No, that’s helpful. And then on diabetes, is this the full quarter of V-Go? I know you guys mentioned it was straddling Q1 and Q2. Essentially, is this the run rate for V-Go for a full quarter? Additionally, could you provide any update on the BluHale VIS launch integrated with Dexcom? Is that going to be launched with G6 and G7, or just one version? And do you have any statistics on current inhaler patients that are active Dexcom users?

For V-Go, we acquired the product on May 31, 2022. So, our revenues for 2022 in Q2 were about $2 million, and they were about $5 million in Q2 of 2023. Therefore, the comparison isn’t very fair due to the one-month versus three-month evaluation. Going forward, we expect more comparability. As for V-Go, it underwent a turnaround period where it had been in decline for an extended reason; we have finally stabilized the product leading to these recent improvements in TRxs this past quarter. The BluHale VIS will be used in INHALE-3. We’re currently activating our sites and plan to perform a beta test. Assuming that goes well, we will work on getting it into the general population. Currently, we’re preparing that for use with Dexcom G6 and G7; from my knowledge, both will be incorporated. We are not limited to Dexcom either; we’re open to collaborating with Libre or Senseonics and other devices. This crosses our mind as we consider integrated solutions for our customers.

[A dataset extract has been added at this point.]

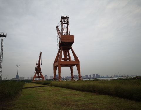 船厂公园是在老船厂建造起来的,就在长江边上的,船厂公园面积是很大的,也有很多老厂房可以看,绿化很好而且又临着长江,景色不错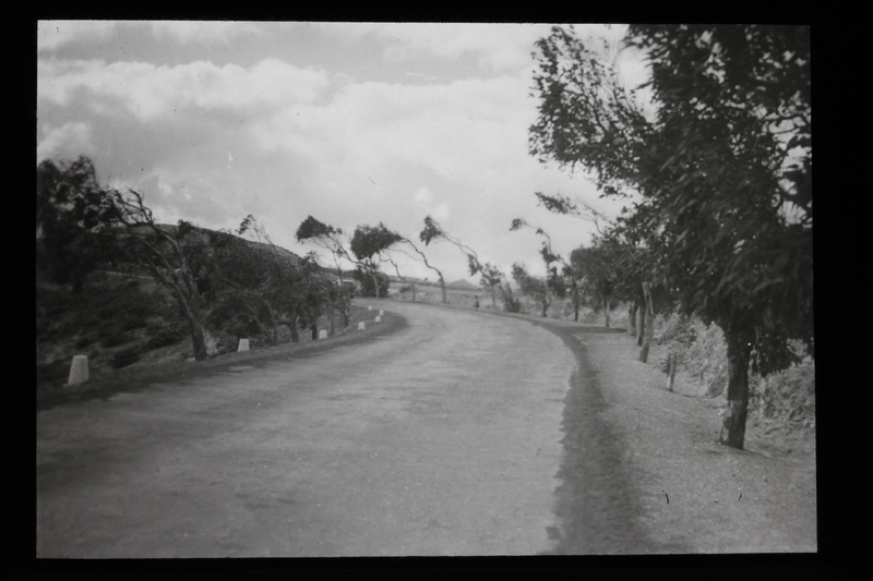 - Carretera bordeada por árboles inclinados por efecto de los vientos alisios en Gran Canaria

Thank you. I’m showing no further questions at this time. I would like to turn the call back over to Michael Castagna for any closing remarks.

Thank you, and thank you, everyone, for your patience as we continue to turn around the company. We do feel we are on the right growth track. We have great growth drivers between our in-line assets and our pipeline assets. It’s been a long journey to get here, but we are really proud of the team, the work, the energy involved, and all the patients who are benefiting from our investments. I want to express gratitude to our analysts who cover us, our shareholders, employees, and all our stakeholders. I look forward to speaking to you again. I will be at a conference tomorrow in New York, meeting some new investors, and in September we will be in New York for several conferences. As updates happen, we will provide them at these upcoming opportunities. Thank you.

Thank you. Ladies and gentlemen, this does conclude today’s conference. Thank you all for participating. You may now disconnect. Have a great day.